In the absence of evidence that the cholesterol fighter Vytorin works better than a cheaper drug known as a statin, patients should turn back to using statins and other proven drugs, an expert panel said on Sunday.
The panel’s recommendations followed the presentation of a controversial study known as Enhance that found the combination drug made by Merck & Co and Schering-Plough Corp failed to show it worked any better than a cheaper generic statin in patients with an inherited form of heart disease.
Doctors had embraced the drug because it does such a great job of lowering low-density lipoprotein, or LDL, the so-called bad cholesterol.
“Our strongest recommendation is that people need to go back to statins,” said Dr. Harlan Krumholz of Yale University, who spoke on behalf of the panel at the American College of Cardiology meeting in Chicago.
Vytorin combines the statin Zocor, known generically as simvastatin, with another cholesterol medicine, Zetia or ezetimibe, and is marketed by a joint venture of Merck and Schering-Plough. Put together, Vytorin and Zetia have annual sales of about $5 billion.
Krumholz said the Enhance study’s findings should change the way cardiologists treat patients, switching patients to higher doses of statins and trying other proven drugs to reduce their cholesterol.

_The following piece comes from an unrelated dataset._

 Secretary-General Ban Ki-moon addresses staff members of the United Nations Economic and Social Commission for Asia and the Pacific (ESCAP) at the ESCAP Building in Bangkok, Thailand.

“We know statins are good drugs and we know they reduce risks. We believe in general to get to a $5 billion-a-year drug, there was a lot of premature use of ezetimibe before the statin option had been exhausted,” Krumholz told a media briefing after the panel.
The Enhance study shook many doctors’ assumptions about the notion that any means of lowering LDL would bring about benefits. Zetia and statins lower cholesterol in different ways, and some doctors at the meeting said the way you lower cholesterol may be important, too.

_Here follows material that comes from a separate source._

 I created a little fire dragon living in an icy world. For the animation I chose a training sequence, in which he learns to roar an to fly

Panel member Dr. Rick Nishimura of the Mayo Clinic said the outcome of Enhance “reminds us to look at the trial endpoint and how (drugs) affect patients and not to just look at the numbers,” he said.
Several of the panelists said at the briefing that the results also call into question the use of so-called surrogate endpoints such as LDL, instead of a study with hard evidence that shows a drug helps patients, such as reducing heart attacks and strokes.
Krumholz also said the study makes it clear how little doctors know about the ezetimibe or even whether it is safe because the drug was approved without testing in a large group of patients over a long period to see if it raises heart attack and stroke risks.
“We do not know. This is a new drug with a novel mechanism- first in class. We do not have outcomes studies,” he said. Such a study, called Improve-It, is under way, but results won’t come until 2012.
Panelist Dr. Joseph Messer, a cardiologist from Chicago, said the panel’s recommendations reflect a consensus.
“We all believe in the LDL hypothesis and we all believe in the primary responsibility as a physician to do no harm,” he told reporters. “Since we do not know whether that harm could come from this drug, I think it is incumbent upon us to use it in a very conservative manner,” he said.
Schering-Plough strongly objected to the suggestion that the drug was harmful.
“We were very disappointed in the ACC panel. We had expected a balanced discussion and we really didn’t think the panel today served patients well,” Dr. Robert Spiegel, chief medical officer of Schering-Plough told Reuters.
“We were particularly concerned because we know of no safety concerns that should be raised after the Enhance trial. But we do know a lot about the value of LDL-lowering and that is what we had hoped the scientific discussion would address,” Spiegel said.